Il suono della celebre campanella delle 9.30 a New York segna l’inizio di una nuova era economica per i mercati. L’esordio di SpaceX a Wall Street ha registrato una performance straordinaria, archiviando la prima giornata ufficiale di scambi con un poderoso rialzo del 19,34%. Questa spinta finanziaria proietta la valutazione complessiva dell’azienda aerospaziale ben oltre il muro dei 2.000 miliardi di dollari, polverizzando i precedenti record societari. Grazie a questo storico exploit, il patrimonio netto di Elon Musk ha superato la cifra astronomica di 1.100 miliardi di dollari complessivi. L’imprenditore sudafricano diventa così ufficialmente il primo triliardario della storia umana.

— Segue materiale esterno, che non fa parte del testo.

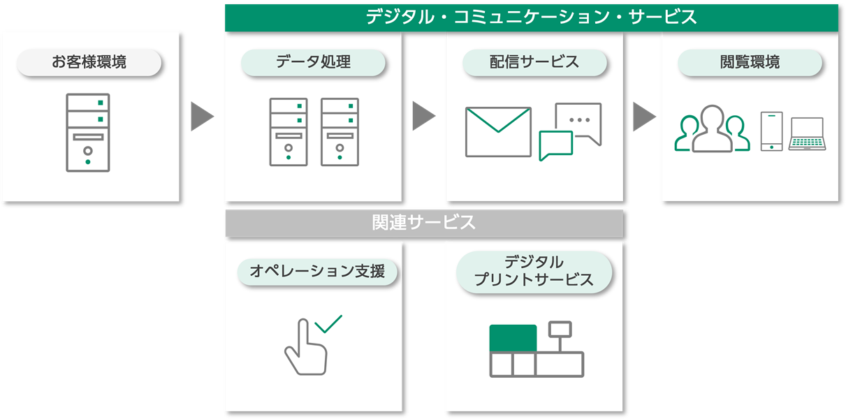 用途や目的に応じた帳票作成のご提案から、個人向け通知物などの多品種少量、大量ロットまで幅広くデジタル・プリントをご提供するサービスです。
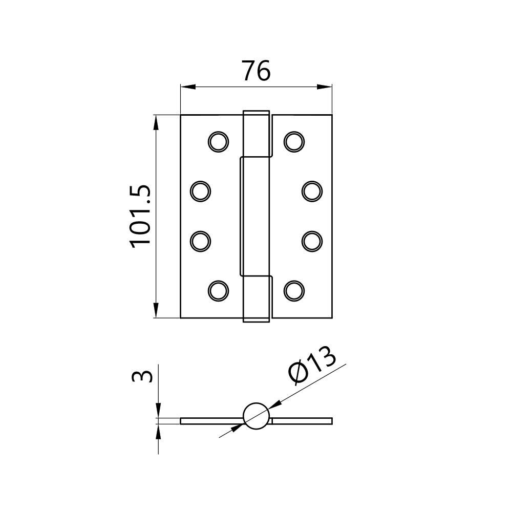 Radius Corner 101 x 76 x 3.0mm Shrouded Bearing Hinge
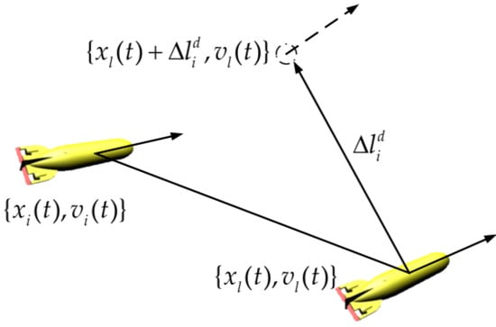 In this paper, the leader is fully-functional, guides the whole formation, and can transmit its position and orientation , and velocity , to all followers. Each follower maintains a desired geometric configuration with the leader. For UUV leader-follower formation, the leader is defined as the fixed reference point . Thus, the expected state of each follower UUV is that , is the fixed relative distance to the leader (Figure 3).
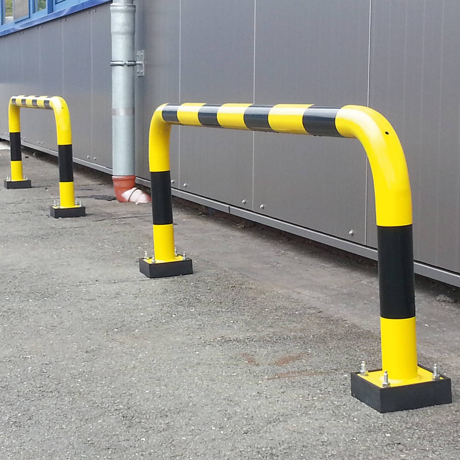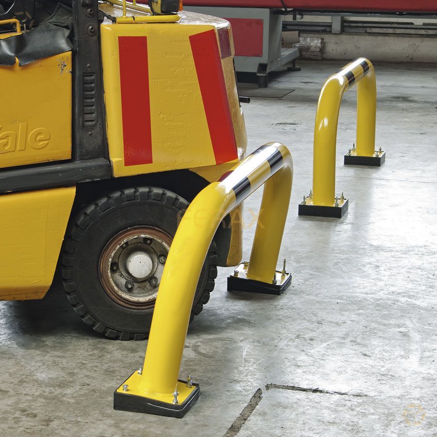 Barrera arco de protección flexible en acero lacado, y acero galvanizado lacado para exterior. Se suministra con bases de poliuretano flexible que permiten a la barrera inclinarse hasta 10º tras el impacto. De gran resistencia a choques y a la torsión.

L’IPO da record e la fiducia degli investitori

Dietro questo incredibile successo patrimoniale si nasconde l’offerta pubblica iniziale più imponente e ricca che i listini americani abbiano mai visto finora. La società ha raccolto oltre 75 miliardi di dollari collocando sul mercato 556 milioni di azioni a un prezzo di 135 dollari ciascuna. L’entusiasmo degli investitori ha contagiato immediatamente i contratti futures perpetui, i quali hanno scambiato rapidamente a quota 175 dollari per singola azione. Questo dato testimonia una fiducia clamorosa del mercato, che ha aggiunto quaranta dollari di premio rispetto al prezzo base fissato dai consulenti societari. Lo stesso Musk ha ricordato alla Starbase in Texas come inizialmente stimasse una probabilità di fallimento superiore al 90% per l’intera impresa.

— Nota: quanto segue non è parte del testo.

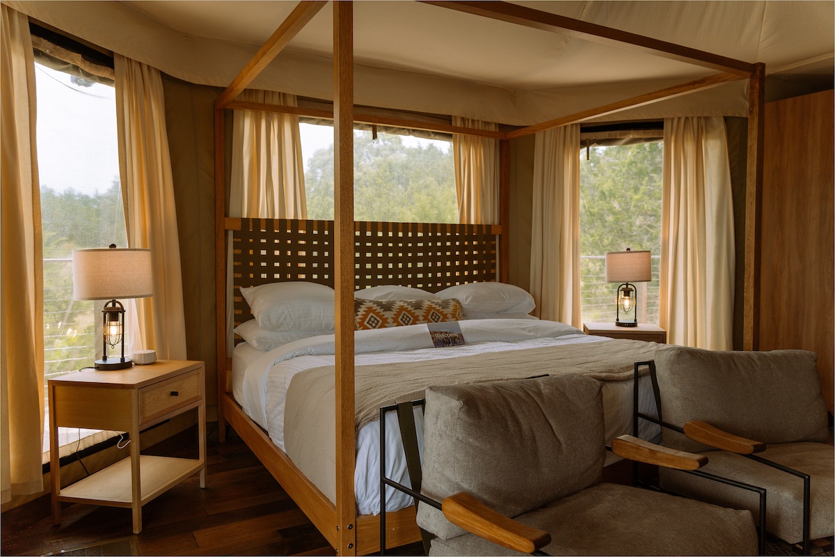 Welcome to your spacious Glamping Lodge. The main tent features a king bed, kitchenette, and full bathroom. A separate bedroom with two single beds is perfect for the kids. Your private deck has a cozy seating area and a Solo Stove fire pit. Enjoy a rustic-luxury escape on our 34-acre retreat with access to our bar, games, and nature trails.
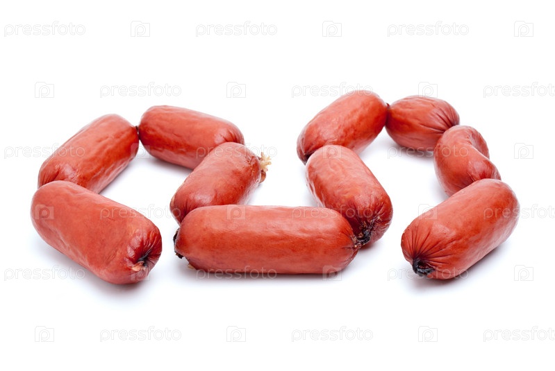 Баварские колбаски на белом фоне
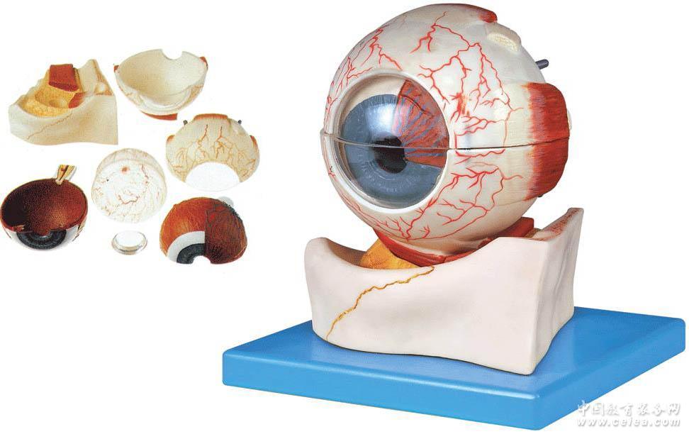 ■ 該模型在上頜骨上方將眼球水平切,由眼球壁鞏膜、脈絡膜上、下半側、角膜、晶狀體和玻璃體等7個部件組成,并顯示眼球壁鞏膜、角膜、虹膜、睫狀體、脈絡膜和視網膜的構造以及眼球內容物、眼球外肌、血管和神經等結構,共有31個部位指示標志。

Bilanci in perdita e visione futura

I numeri strabilianti di Wall Street contrastano tuttavia in modo netto con la reale situazione contabile e con i bilanci d’esercizio della compagnia. SpaceX ha chiuso il bilancio del 2025 registrando perdite per 4,9 miliardi di dollari, trend negativo confermato anche nel primo trimestre del 2026. Gli investitori scelgono deliberatamente di ignorare il profondo rosso attuale per scommettere sul monopolio tecnologico e sul futuro dell’esplorazione spaziale commerciale ed extraterrestre. Il piano industriale della società prevede infatti lo spostamento dei data center in orbita per azzerare l’impatto idrico e ambientale presente sulla Terra. Questo ambizioso progetto richiede capitali immensi, come dimostrano i 7,7 miliardi di dollari investiti nell’intelligenza artificiale solo nei primi tre mesi dell’anno.

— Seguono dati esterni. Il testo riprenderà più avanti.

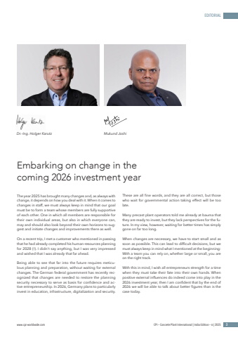 www.cpi-worldwide.com CPI %u2013 Concrete Plant International | India Edition %u2013 6 | 2025 3EDITORIALThe year 2025 has brought many changes and, as always with change, it depends on how you deal with it. When it comes to changes in staff, we must always keep in mind that our goal must be to form a team whose members are fully supportive of each other. One in which all members are responsible for their own individual areas, but also in which everyone can, may and should also look beyond their own horizons to suggest and initiate changes and improvements there as well.On a recent trip, I met a customer who mentioned in passing that he had already completed his human-resources planning for 2028 (!). I didn%u2019t say anything, but I was very impressed and wished that I was already that far ahead. Being able to see that far into the future requires meticulous planning and preparation, without waiting for external changes. The German federal government has recently recognized that changes are needed to restore the planning security necessary to serve as basis for confidence and active entrepreneurship. In 2026, Germany plans to particularly invest in education, infrastructure, digitalization and security. These are all fine words, and they are all correct, but those who wait for governmental action taking effect will be too late.Many precast plant operators told me already at bauma that they are ready to invest, but they lack perspectives for the future. In my view, however, waiting for better times has simply gone on far too long.When changes are necessary, we have to start small and as soon as possible. This can lead to difficult decisions, but we must always keep in mind what I mentioned at the beginning: With a team you can rely on, whether large or small, you are on the right track. With this in mind, I wish all entrepreneurs strength for a time when they must take their fate into their own hands. When positive external influences do indeed come into play in the 2026 investment year, then I am confident that by the end of 2026 we will be able to talk about better figures than is the case today.Embarking on change in the coming 2026 investment yearDr.-Ing. Holger Karutz Mukund Joshi
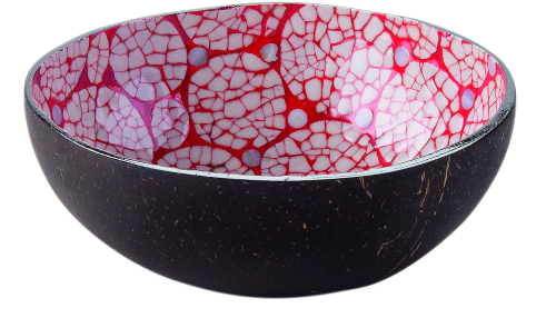 Kokosnussschale, innen rot lackiert, mit Eierschaleninlay, Dekoschale, nicht für Lebensmittel geeignet, H5/D ca.14
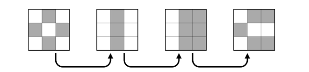 初始棋盘白黑相间,第一次操作后有3个同颜色的联通区域,第二次操作后有2个同颜色的联通区域,第三次操作后有6个同颜色的联通区域。
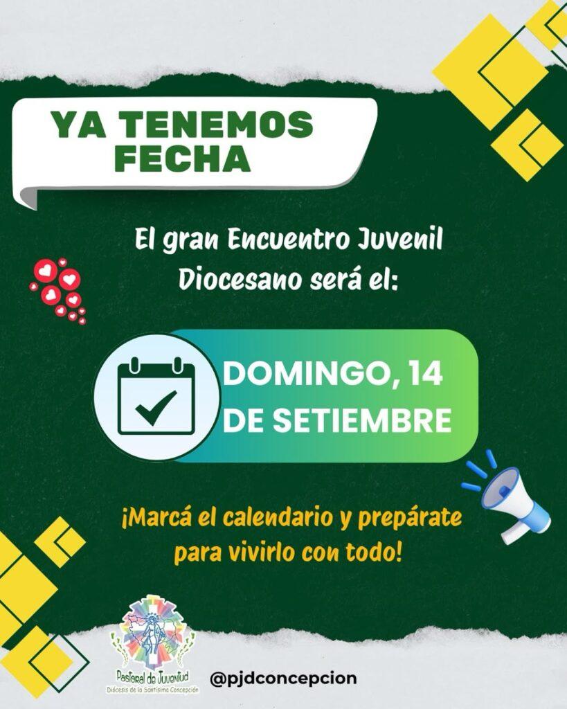 La Pastoral de Juventud de la Diócesis de la Santísima Concepción ha confirmado la fecha oficial del tan esperado Encuentro Juvenil Diocesano. El evento se realizará el domingo 14 de septiembre, una jornada que promete ser un espacio de fe, alegría y comunión entre jóvenes de toda la diócesis.
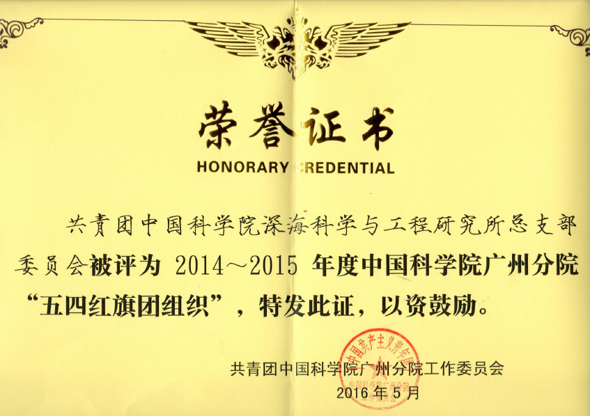 為進(jìn)一步推進(jìn)中國科學(xué)院廣州分院基層團(tuán)組織的各項(xiàng)建設(shè),增強(qiáng)團(tuán)組織的凝聚力和戰(zhàn)斗力,引導(dǎo)團(tuán)員、團(tuán)干部積極投身實(shí)施 “率先行動(dòng)”計(jì)劃,廣州分院團(tuán)工委在“五四青年節(jié)”期間,表彰一批2014~2015年度廣州分院“五四紅旗團(tuán)組織”、優(yōu)秀團(tuán)干部和優(yōu)秀團(tuán)員。深海所團(tuán)總支部被評(píng)為“2014~2015年度中國科學(xué)院廣州分院五四紅旗團(tuán)組織”,吳乃天同志被評(píng)為“2014~2015年度中國科學(xué)院廣州分院優(yōu)秀共青團(tuán)干部”。

L’ingresso dei grandi capitali pubblici sul mercato azionario non scalzerà in alcun modo il controllo assoluto che il fondatore esercita sulla propria creatura. Musk ha messo in vendita poco più della metà delle azioni totali, mantenendo per sé una quota strategica e blindata di capitale sociale. Grazie a una struttura azionaria a doppia classe, l’imprenditore conserva l’85% dei diritti di voto complessivi all’interno del consiglio di amministrazione aziendale. Questa sapiente architettura societaria rende la leadership del magnate del tutto insindacabile, mettendolo al riparo da eventuali tentativi di licenziamento da parte dei soci. Wall Street consacra quindi un impero finanziario senza precedenti, dove le perdite contabili attuali contano meno delle future promesse interplanetarie.